The boat carried him silently down the river. He lay in the bottom of the boat and watched the stars pass overhead. He found a fisherman's net and chewed on it, enjoying the taste of salt. Eventually, he slept.
Phong a
woke with the sun. He sat up. The sea around him was indescribably turquoise. Beautiful. And deadly. The South China Sea, some called it. Refugees from, the conquered South called it the Sea of Death and Pirates. Many who fled after the fall of the old Saigon government fell victim to its treacherous waters.
Phong hunkered down, unraveling the fish net. Trawlers sat like fat water bugs on the sea's cool surface. If Cambodian, they would ignore him. If Thai, they could be pirates.
Phong cast his net, and when he felt a muscular tugging, reeled it in. He ate the fish greedily, not bothering to kill it. The blood ran down his fingers.

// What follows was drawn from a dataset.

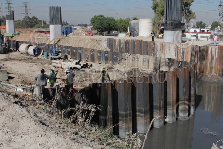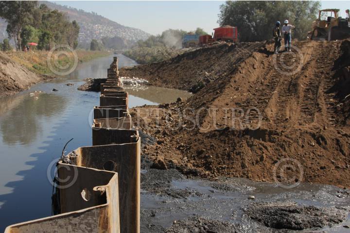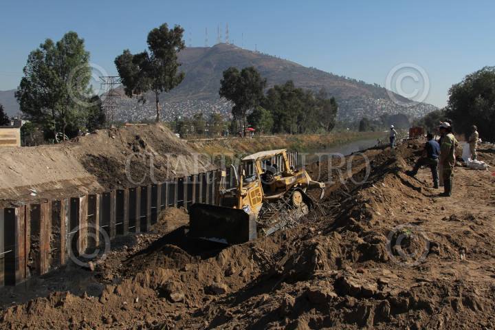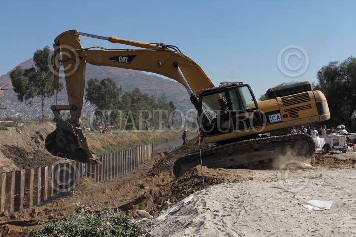 NEZAHUALCOYOTL, ESTADO DE MÉXICO, 03JULIO2011.- Trabajadores continuan con la reparacion de la fisura que ocasionó el desbordamiento del Rio de los Remedios. FOTO: ENRIQUE ORDÓÑEZ/CUARTOSCUR.COM

It felt wonderful, the cold flesh slipping down his throat. He caught two more, and for the first time in many months, his stomach was full.
Perhaps he would drift down to Malaysia, or the tides might carry him to Thailand, where, if he avoided pirates, he could seek one of the refugee shelters, and then go on to America. He had heard that many refugees spent years trying to leave the camps, but they would take him to America once he showed them his proof. Phong was certain of this.
The screaming changed his mind. It carried across the water as clear as a temple gong. It was a woman, crying out for mercy.
"Khoung! Khoung!"
Others took up her cry. Phong looked up.
A boat wallowed, riding low in the water. Seawater slopped onto its deck. Phong had only to see that to know it was overburdened with cargo. Human cargo. Men, women, and children lined the gunwales. Some had begun jumping into the water.
A fast boat was bearing down on the first craft. It too ran with its decks full. But those decks were filled with men. They brandished pistols, bolt-action rifles, clawhammers, and spiked hardwood clubs. Saffron bands were tied over their brown foreheads.
Thai pirates. The scourge of the South China Sea. The fast boat came alongside the weaker one, bumped it once with truck-tire fenders, and the two crafts were quickly and expertly lashed together. The pirates descended like raging locusts.
They clubbed, shot, and stabbed the men and the children. The old women were thrown overboard. The younger ones were beaten and pitched over to the pirate ship to be hastily shoved below.